When you are dealing with the IRS Revenue Ruling 59-60, it can seem a bit daunting to understand the rules of business valuation for a closely-held corporation. Essentially, the ruling outlines the general approach and methods, as well as the outlines for them, to be considered in valuing shares of a capital stock for estate tax and gift tax purposes of closely-held corporations. All clear? No? That’s okay, we will go into more detail about this.

The ruling came into effect over 50 years ago, but it is still important today for how shares of closely-held corporations are valued.

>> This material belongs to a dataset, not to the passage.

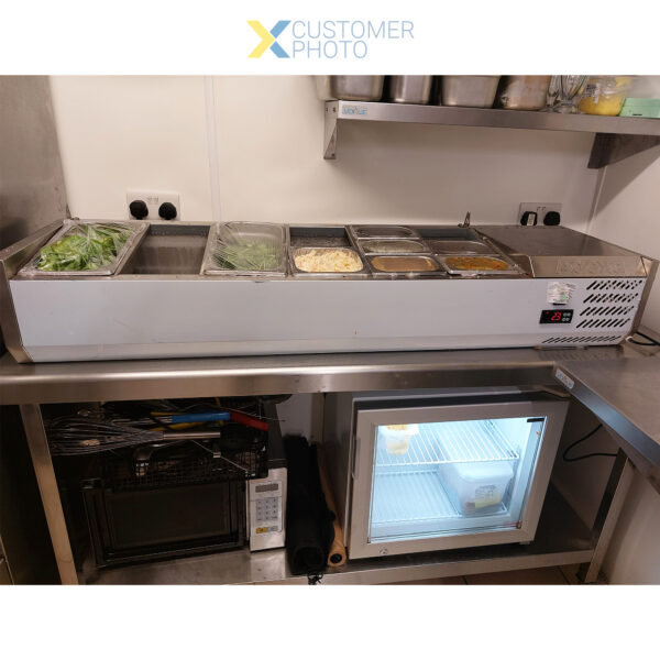 Original price was: 1132,23 €.475,54 €Current price is: 475,54 €. (ei sis. KM)Atdzesēts servēšanas sagatavošanas tops 2200mm 10xGN1/3 dziļums 380mm | Adexa VRX2200380

Interestingly enough, this ruling should actually be used for family law and it is very common for it to be used. When someone owns a business, and they started that business when they were married, and then they go through a divorce, there needs to be an equitable distribution of the shares of the company. A property settlement must take place. This ruling serves as the basis for understanding the framework of the business value, and therefore is very important whenever business owners are divorcing from each other.

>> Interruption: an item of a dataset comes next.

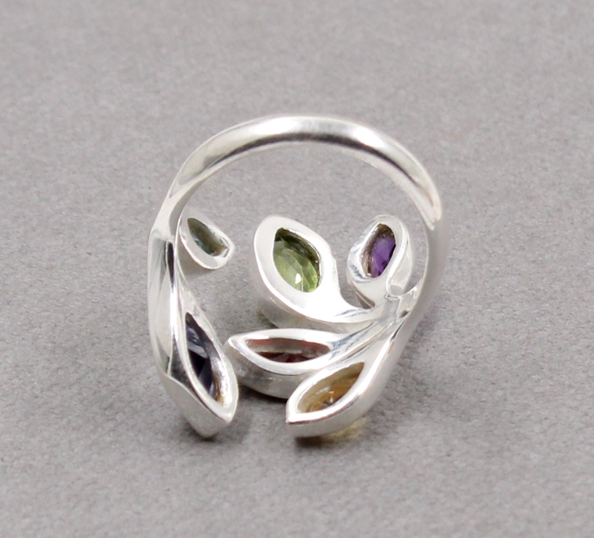 Gorgeous Colorful natural gemstones front open Designer Leaf Ring made of solid 925 sterling silver . It is an awesome joyous ring that woman of all ages would love to wear and flaunt at any party.The front open makes it slightly adjustable.Lovely Birthday gift for your daughter.Promise ring for your Girlfriend.

One of the most important things to understand is fair market value because the appraiser is going to be calculating this value when determining the value of the business. This is an estimate of the value on any property. It is calculated as the price that a buyer would be willing to pay, and a price that the seller would be willing to accept. Finding the fair market value is not too difficult and can be done with an online value book.

There are also eight factors to consider when determining fair market value:

  • The nature of the business and its history since it was created.
  • The economic outlook in general and the condition and outlook of the industry the business is in.
  • The stock book value and the condition of the business in financial terms.
  • How much the company can potentially earn.
  • The dividend-paying capacity of the company.
  • If the company has intangible value or goodwill. The goodwill is the earnings in excess of a normal rate of return based on certain factors.
  • The sales of the stock and the block of stock value.
  • The market price of the stocks of the company.

It is important that, to have these eight factors assessed properly, you have someone who has been trained in this area. These are people who are a Certified Public Accountant, a Certified Business Appraiser, or an Accredited Senior Appraiser.

Having an expert come in and assess the business value will not only make things easier on you, but it will ensure that the proper value of the business is determined. This will keep you from undervaluing your business, or even overvaluing it. Understanding the factors of how this is all determined will ensure you understand why the expert has to take so long to determine the value of everything.